Born in Gainesville, he moved to St. Pete with his family when he was about four years old. A “C” average student, he was on the wrestling team at Dixie. After graduation, he spent four and half years in the army where he was stationed in Europe and in Washington State.
Once out of the army, he came back home and received a Bachelor’s of Arts Degree in African Studies. While coaching at Dixie, he met the love of his life through one of his students. He and his wife Kimberly Brown-Williams are the proud parents of one daughter, who just might be the one to coax him back into coaching.
Other inductees included John Davis, class of 1971, who excelled in both in baseball and football.
He could not attend the ceremony because that night he was coaching an important game at Clearwater Central Catholic. His good friend and mentor, Doug McClaugherty, accepted his award.
Inductee Mike Donohue, class of 1964, shined on the football field and in track and field; Marlon Flakes, class of 2002, was recognized for prowess as a hurdler and Alroy Rickerson for his excellence on the basketball court.
Rickerson took to mike to thank Coach Jamie King for guiding him and instilling in him the discipline and the will to win.
“It was not about the honor, it was not the scoring, it was not about the prestige, it was about winning,” said Rickerson, who flew in expressly from Louisiana to accept his award.

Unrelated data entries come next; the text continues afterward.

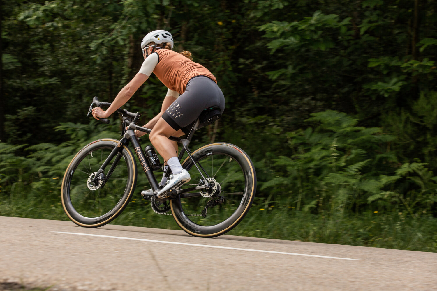 *獨家開發具有增強透氣性的單密度泡棉層麂皮褲墊(女性連身車褲使用女性專用形狀)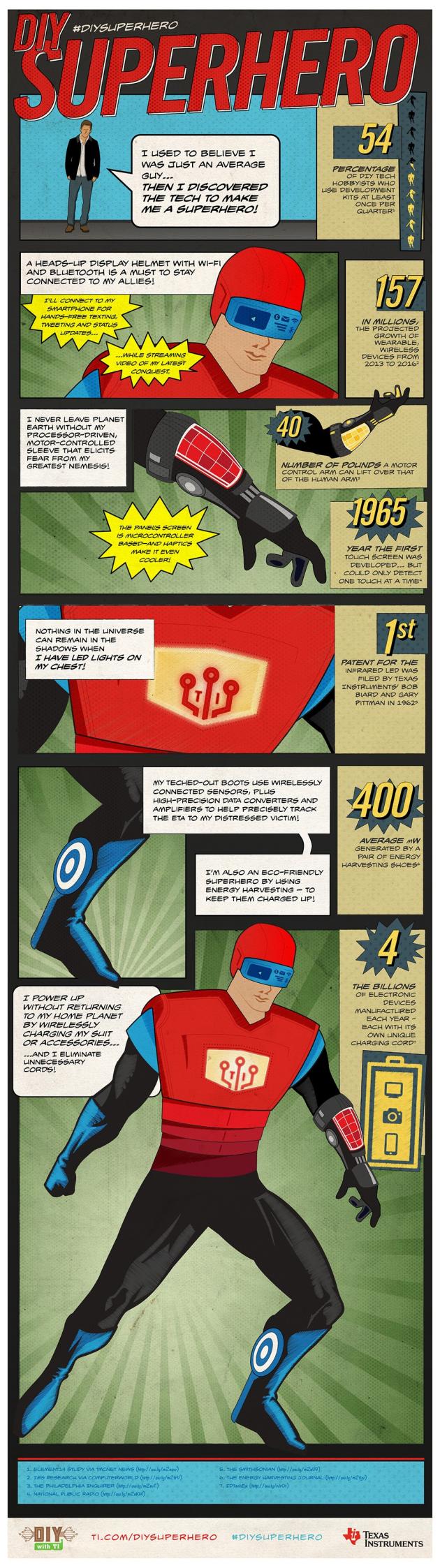 San Diego Comic-Con is starting, and this infographic comes at an apt time. It honors the DIY superhero context, with facts and figures about the ways some people are creating the future. The DIY superhero is eco friendly, resourceful, and wears shoes that harvest energy while saving our planet at the same time. Check out the infographic below. There's more to it!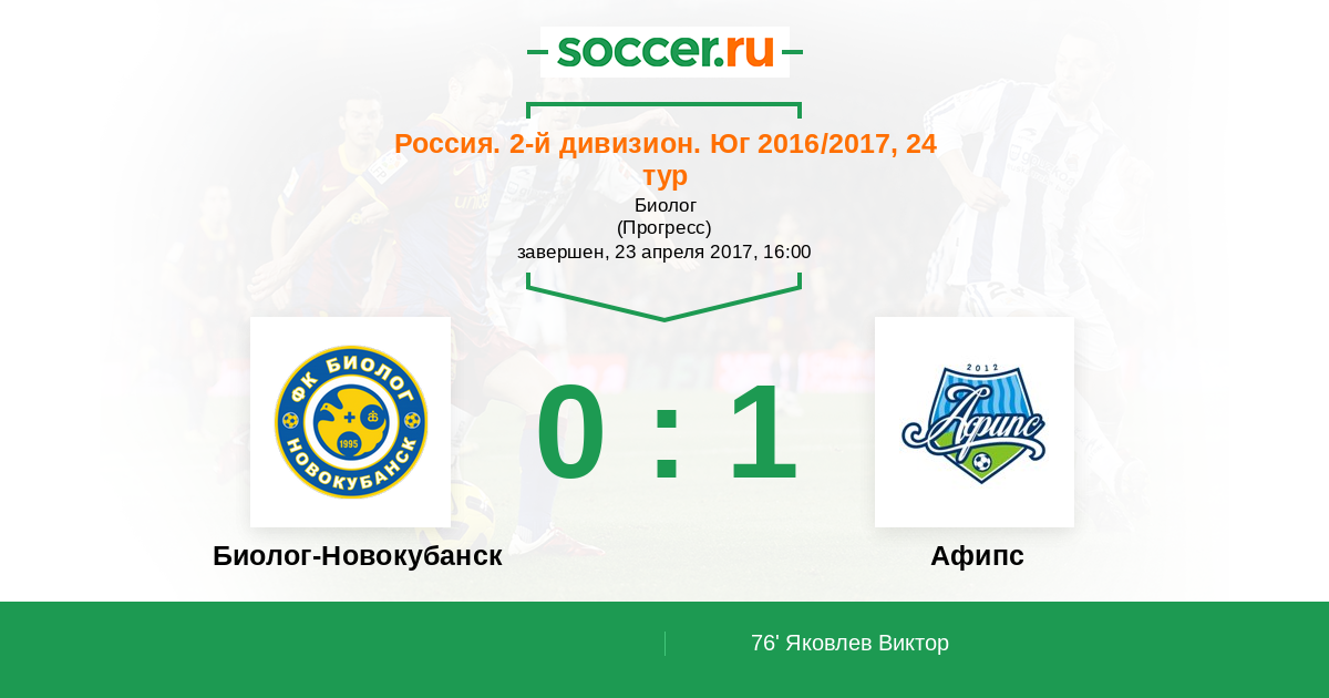 Россия. Вторая лига. Группа 1 23.09.2017 Афипс Логотип футбольный клуб Афипс (Афипский) 1:0 Логотип футбольный клуб Биолог-Новокубанск Биолог-Новокубанск

Nate Johnson, class of 1975, was inducted in the Hall of Fame for being a superstar in track and field. His record stands today in the 100-yard dash. He now lives in Canada and was unable to make the trip. His good friend and high school sweetheart, Sandra Fletcher, accepted his award.
Greg Waddell, left, and Doug Redd
Bill Rimby, class of 1967, was inducted for his aptitude on the gridiron. He had a conflict of schedule so his daughter Diana accepted his award. Greg Waddell, class of 1997, was inducted into the Hall of Fame for killing it in the bowling alley and on the soccer field; Tony Massey, class of 1984, was honored for wrestling and Coach Nick Spataro for coaching the wrestling team to almost indestructibility.
“It’s an honor to be able to help these young men become great men in the future,” said Coach Spataro, who thanked his assistant coaches, Ed Bryant and Mike Thompson.
Congratulations to all eight inductees!